1941 Andaman Islands earthquake
- UTC time: 1941-06-26 11:52:03
- ISC event: 900863
- USGS-ANSS: ComCat
- Local date: June 26, 1941
- Local time: 17:22:03 IST
- Magnitude: 7.7–8.1 M_{w}
- Epicenter: 12°30′N 92°34′E﻿ / ﻿12.50°N 92.57°E
- Areas affected: India, Andaman and Nicobar Islands, Sri Lanka
- Max. intensity: EMS-98 VII (Damaging)
- Tsunami: Yes
- Casualties: Few

= 1941 Andaman Islands earthquake =

Earthquake in Southeast Asia

The 1941 Andaman Islands earthquake struck the Andaman Islands on June 26 with a magnitude of 7.7 to 8.1. Details of this event are poorly known as much of Southeast Asia was in the turmoil of World War II. The quake caused severe damage in the Andaman Islands. The tsunami it triggered was reported along the Andaman and Nicobar Islands, India and British Ceylon (now known as Sri Lanka). There may have been damage and deaths in Bangladesh, Myanmar, and Thailand due to the tsunami.

==Effects==
The earthquake partially collapsed Cellular Jail and destroyed other masonry buildings at Port Blair. Ground slumping, soil liquefaction and sand volcanoes were reported. Roads, bridges, embankments, seawalls and jetties were seriously damaged.
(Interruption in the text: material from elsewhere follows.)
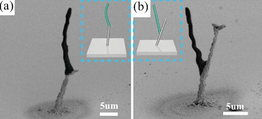 除此之外文中还引用了Huang等人一组实验,他们通过逐步增加工作台的移动速度(0.01 m/min至1 m/min),观察到纤维丝从弯曲到竖直的状态,如图2所示,

Large fissures occurred in the ground. Large trees were tilted and uprooted. According to eyewitness accounts, these trees fell in a westerly direction. There was an unspecified number of deaths only described as "few". Shaking was felt over a very wide area; felt reports also came from Colombo, Chennai, Kolkata and Mumbai. Islands located in a passage between Little Andaman and South Andaman Islands subsided by over 1.5 m.

==Tsunami==
Although no tide gauges existed, the estimated tsunami heights were 0.75 m to 1.25 m along the east coast of India. It is claimed that 5,000 drowned in India but no reliable attribution for such figure exists. News reports misattributed these deaths with a storm surge, while The Times of India did not mention a tsunami while reporting the event. No news or scientific reports made mention of a large death toll from the tsunami. It was also unlikely that a 1 m tsunami could result in a high death toll. Reports of the tsunami effects along the Andaman Islands also did not mention any fatalities.

==Geology==
The earthquake occurred in a convergent boundary zone that separates the Indian plate from the Burma plate. The Indian plate subducts obliquely beneath the Burma plate at a rate of 6.7 cm/year. It was previously assigned a magnitude of 8.1 to 8.7. The International Seismological Centre assigned this event as having a moment magnitude of 8.0. Further research suggest the earthquake did not occur as a result of rupturing the subduction zone, rather, it was a normal-faulting intraslab earthquake located within the Indian plate beneath the islands.